A new one on me y'all guys
ADSGarson O'Toole
adsgarsonotoole at GMAIL.COM
Wed Oct 3 16:16:36 UTC 2012
The topic of this note is the spelling "ya'll". Below is an excerpt
from a book dated 1898 that contains multiple instances of "ya all"
and "ya'll" in close proximity. (Please double-check for typos.)
Year : 1898
Title: Wit, character, folklore & customs of the North Riding of
Yorkshire: with a glossary of over 4,000 words and idioms now in use
Author: Richard Blakeborough
Publisher: Oxford University Press Warehouse, Henry Frowde, London
Page: 314 and 315
http://books.google.com/books?id=JONZAAAAMAAJ&q=%22ya+all%22#v=snippet&
Please note that the 1750 date in the following excerpt is from the
text and not from me.
[Begin excerpt]
COMIC SONG
A Beautiful Boy
[Date about 1750]
...
Ah sed, 'Lasses, beware o' love's piercing darts,
Foor feearful Ah be Ah s'all steeal all yer hearts;
An' then, mah deear lasses, ya'll sob an' ya'll sigh,
When you think o' mah charms, whahl ya'll langwish an' dee.

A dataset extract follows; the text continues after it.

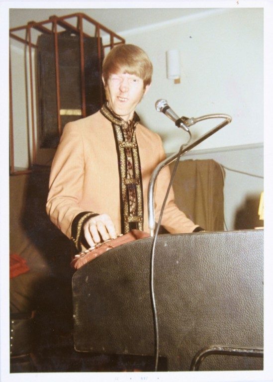 Denna bilden är nog tagen mitt i ett avancerat solo.Här kan man se en skymt av dragspelsklaviaturen som Ingvar byggde på sin Hammond orgel. Längst upp till vänster i bild kan man se en smart lösning på ett Leslye cabinett, lite vågat kanske men det funkade bra på den tiden. |

Ah can kiss, bud Ah caan't wed ya all,
Bud Ah wad if Ah mud, gert an' small;
Ah lang for ti cuddle ya all,
For, ya ken, Ah's a beautiful boy.
[End excerpt]
Garson
On Wed, Oct 3, 2012 at 11:53 AM, Alice Faber <faber at haskins.yale.edu> wrote:
> ---------------------- Information from the mail header -----------------------
> Sender: American Dialect Society <ADS-L at LISTSERV.UGA.EDU>
> Poster: Alice Faber <faber at HASKINS.YALE.EDU>
> Organization: Haskins Laboratories
> Subject: Re: A new one on me y'all guys
> -------------------------------------------------------------------------------
>
> On 10/3/12 11:47 AM, Arnold Zwicky wrote:
>> On Oct 3, 2012, at 8:04 AM, Alice Faber wrote:
>>
>>> On 10/3/12 11:00 AM, Arnold Zwicky wrote:
>>
>>>> On Oct 3, 2012, at 6:44 AM, Jon Lighter wrote:
>>>>
>>>>> Never have I heard "y'all guys."
>>>>
>>>> [AZ] following up on Alice Faber ... (with Alice saying it was new for her).
>>>
>>> [AF] I was so startled by it, it didn't even occur to me to google.
>>
>>>> [AZ] it would in fact be astonishing if the variant didn't occur with some frequency, given the frequency of vernacular 2pl "you guys" (especially in vocatives) and the use of y'all for 2pl in the South etc.
>>>>
>>>
>>> [AF] It "felt" like a token-for-token replacement for "youse" in "youse
>>> guys", but that's my NY area bias talking (misleading me?)
>>
>> more neutrally: "y'all guys" plays the same role for some Southerners (etc.) as "youse guys" does for NYers (etc.) -- and as "yinz guys" does for Picksboigers.
>>
>
> And that says something--I'm not sure what--about the lexical status of
> "guy" and "guys" as some kind of pro-forms.